Storage¶
Except where otherwise noted, this content is Copyright (c) 2020, RTE and licensed under a CC-BY-4.0 license.
We has already seen Consumption, Production and Link to attach on node. Hadar has also a Stockage element. We will work on a simple network with two nodes : one with two producitons (stochastic and constant) other with consumption and stockage
img
import numpy as np
import hadar as hd
Create data¶
np.random.seed(12684681)
eolien = np.random.rand(168) * 500 + 200 # random from 200 to 700
load = np.sin(np.linspace(-1, -1+np.pi*14, 168)) * 250 + 750 # sinus moving 500 to 1000
Adequacy without storage¶
Start storage by remove storage !
study = hd.Study(horizon=eolien.size)\
.network()\
.node('a')\
.production(name='gas', cost=100, quantity=200)\
.production(name='nulcear', cost=50, quantity=300)\
.production(name='eolien', cost=10, quantity=eolien)\
.node('b')\
.consumption(name='load', cost=10 ** 6, quantity=load)\
.link(src='a', dest='b', cost=1, quantity=2000)\
.build()
optim = hd.LPOptimizer()
res = optim.solve(study)
plot_without = hd.HTMLPlotting(agg=hd.ResultAnalyzer(study=study, result=res), unit_symbol='MW')
plot_without.network().node('b').stack()
Node B has a lot of lost of load.
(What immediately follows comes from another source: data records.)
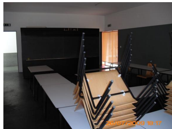
FOTO 50 - SALA DE AULA
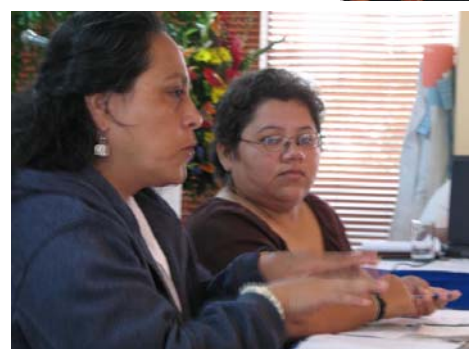
Participantes en el encuentro “Imaginando y Construyendo los Movimientos Feministas hacia el Futuro”
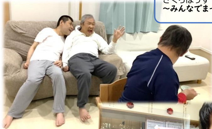
さくらはうす ～みんなでまったりタイム
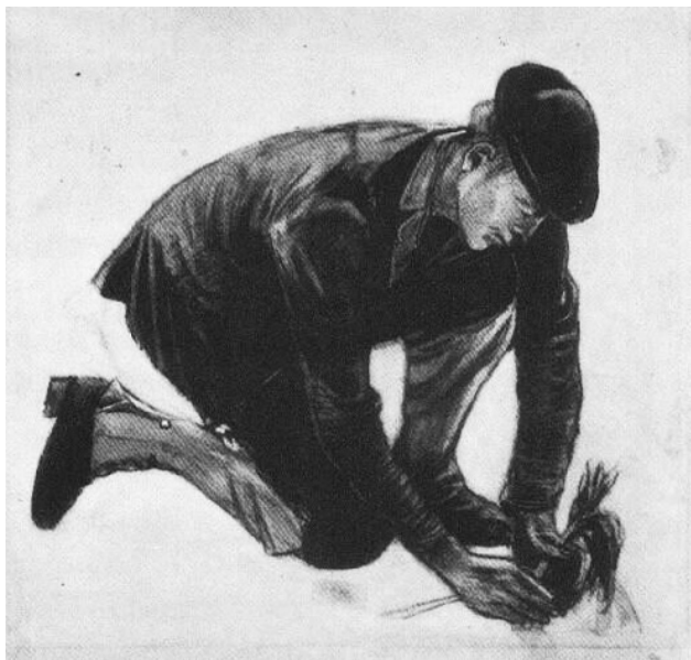
Vincent van Gogh (1853–1890) rajza
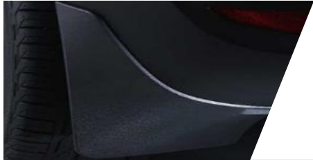
Lapače nečistôt (zásterky) predné/zadné

Číslo dielu: 1646164280/ 1646164180 Cenníková cena: 36,52 € / 36,46 €
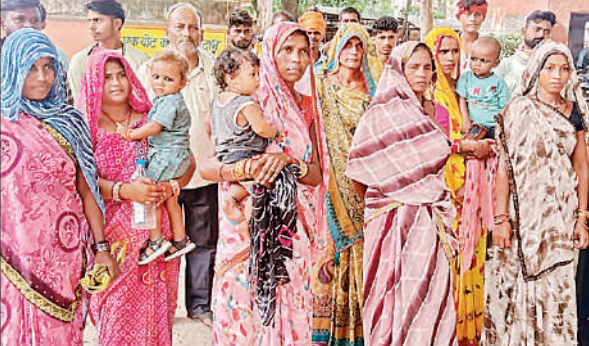
डलमऊ तहसील परिसर में ज्ञापन देने के लिए मौजूद ग्रामीण।
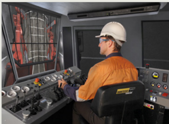
Conversion Kit® bor jumbo bawah tanah Sandvik DD420 yang belum lama diluncurkan
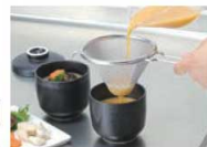
茶碗蒸し作りでとき卵がきれいにこせ、まるやかさアップ
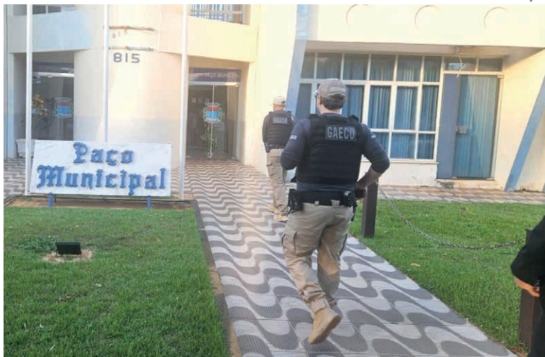
AS ORDENS judiciais foram expedidas pela Vara Criminal de Altônia e têm como principais alvos dois empresários, suspeitos de participação nas irregularidades

Todo o conteúdo recolhido será submetido à perícia técnica, com o objetivo de identificar eventuais provas de manipulação de processos públicos

Network has not enough power to sustain consumption during peak.
plot_without.network().node('a').stack()
Productions are used immediately just to match load
Use storage¶
Now we add a storage. In our case cell efficiency is 80%, efficient must
be < 1, Hadar use eff=0.99 as default. Other important parameter is
cost it represents cost of storage per quantity during on time-step.
cost at 0 or positive mean we want to minimize storage used. By
default Hadar use cost=0.
So in the configuration, cost=0and eff=0.80. Therefore, a
quantity stored costs 25% (\(\frac{1}{0.8} = 1.25\)) higher than
same production without stored before. At any time Hadar has choice
between these productions and cost.
Prod |
use cost |
stored before use cost |
|---|---|---|
eolien |
10 |
12,5 |
nuclear |
50 |
62,75 |
gas |
100 |
125 |
Moreover than just fix lost of load, storage can also optimize productions. Looks, a stored nuclear or eolien production is cheaper than a direct gas production. Hadar knows it and will use it !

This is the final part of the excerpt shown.